Guedes também considera a reforma da TEC essencial como parte do plano de governo de combate à inflação, segundo comentaram fontes do setor empresarial que se reuniram recentemente com o ministro. A resistência a modificar a tarifa externa não é apenas da Argentina, mas também de setores industriais internos.
Em nota conjunta divulgada nesta quarta-feira, os representantes de indústrias dos quatro países do Mercosul pediram que os governos do bloco adotem ações para promover o desenvolvimento econômico e social da região. Sem mencionar diretamente a redução das tarifas de importação e a possibilidade de negociação de acordos em separado dos demais sócios do bloco, os industriais reafirmaram sua preocupação com decisões que podem ter grande impacto negativo sobre o setor produtivo.
Eles lembraram que o momento atual é de crise sanitária e há incertezas quanto ao futuro."Continuamos pensando que é fundamental que os governos do Mercosul tenham políticas públicas que criem as condições necessárias para assegurar o crescimento econômico da região, baseado em investimentos e na criação de empregos".
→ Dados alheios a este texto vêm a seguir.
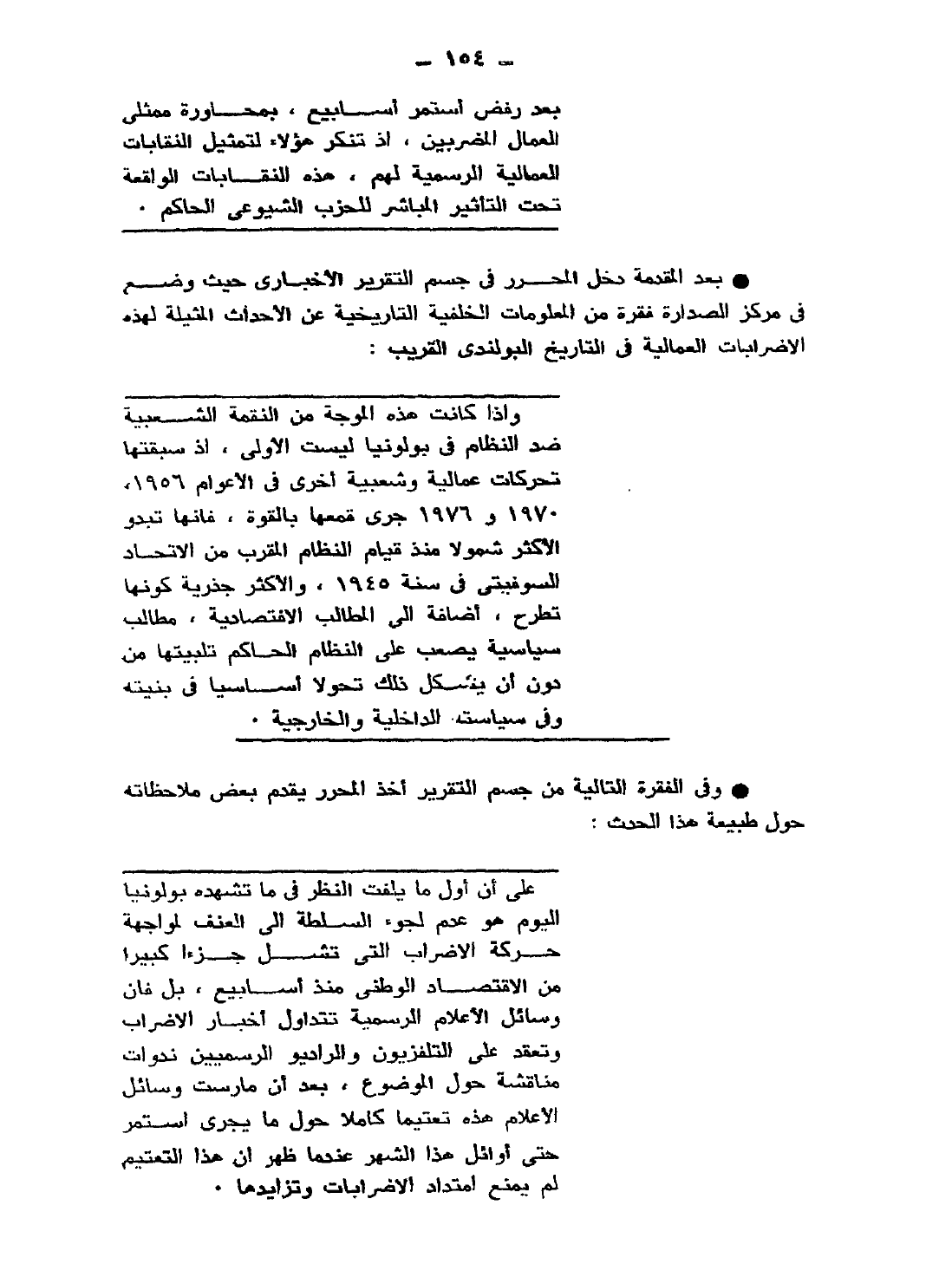 وإذا كانت هذه الموجة من النقمة الشعبية ضد النظام في بولونيا ليست الأولى؛ إذ سبقتها تحركات عمالية وشعبية أخرى في الأعوام 1956 و1970 و1976 جرى قمعها بالقوة، فإنها تبدو الأكثر شمولًا منذ قيام النظام المقرب من الاتحاد السوفيتي في سنة 1945، والأكثر جذرية كونها تطرح -إضافة إلى المطالب الاقتصادية- مطالب سياسية يصعب على النظام الحاكم تلبيتها من دون أن يشكل ذلك تحولًا أساسيًّا في بنيته وفي سياسته الداخلية والخارجية.

Empresários e trabalhadores na indústria brasileiros já haviam se posicionado contra a reformulação do Mercosul neste momento. Argumentam que qualquer iniciativa deve vir acompanhada da redução do Custo Brasil, conforme prometeu o ministro da Economia. Existe uma clara insatisfação com o que garantiu Guedes e o que tem sido feito na prática.
Segundo empregados e patrões na indústria nacional, o posicionamento de Bolsonaro sobre a abertura comercial vem se consolidando há quase dois anos, sem que tenha havido um projeto claro, com avaliações de impacto bem fundamentadas.
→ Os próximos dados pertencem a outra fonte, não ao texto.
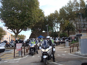 La reserva de la Vstrom 1000 son de litros, es decir, unos 80 kms, pero, me entra el agobio, y busco a la organización, para preguntar donde esta la gasolinera más cercana, (que seguro que sabían donde había una...), y me recomiendan, (tras preguntar a una Gendarme francesa preciosa, pero, más mosquea un mono..., ya que de repente, de ser un pequeño aparcamiento para visitar el castillo, en un pequeño pueblo que nunca pasa nada, a pasar a recibir 64 motos, colapsando los accesos...., con razón estaba un poco mosca), retroceder al pueblo anterior para poder respostar, a Port Vendres, (que por otro motivo, siempre recordare este pueblo...).

Segundo fontes que acompanham as negociações, diante de tantas divergências tanto dentro do país, como de parceiros como os argentinos, o mais provável é que as propostas do Brasil continuem sendo discutidas ao longo deste semestre, quando o país estará na presidência pro tempore do bloco.
A ideia é fazer um acordo ambicioso, respeitando-se as assimetrias de cada uma das economias do bloco por meio de exceções. No entanto, a decisão final está em mãos do ministro e do presidente.
Em recente visita ao Palácio do Planalto, o embaixador argentino em Brasília, Daniel Scioli, foi recebido pelo ministro-chefe da Casa Civil, general reformado Luiz Eduardo Ramos, e pela ministra da Secretaria de Governo, Flavia Arruda. De ambos, o embaixador ouviu que as divergências no Mercosul estão sendo discutidas no governo e que não existe a intenção de romper o bloco.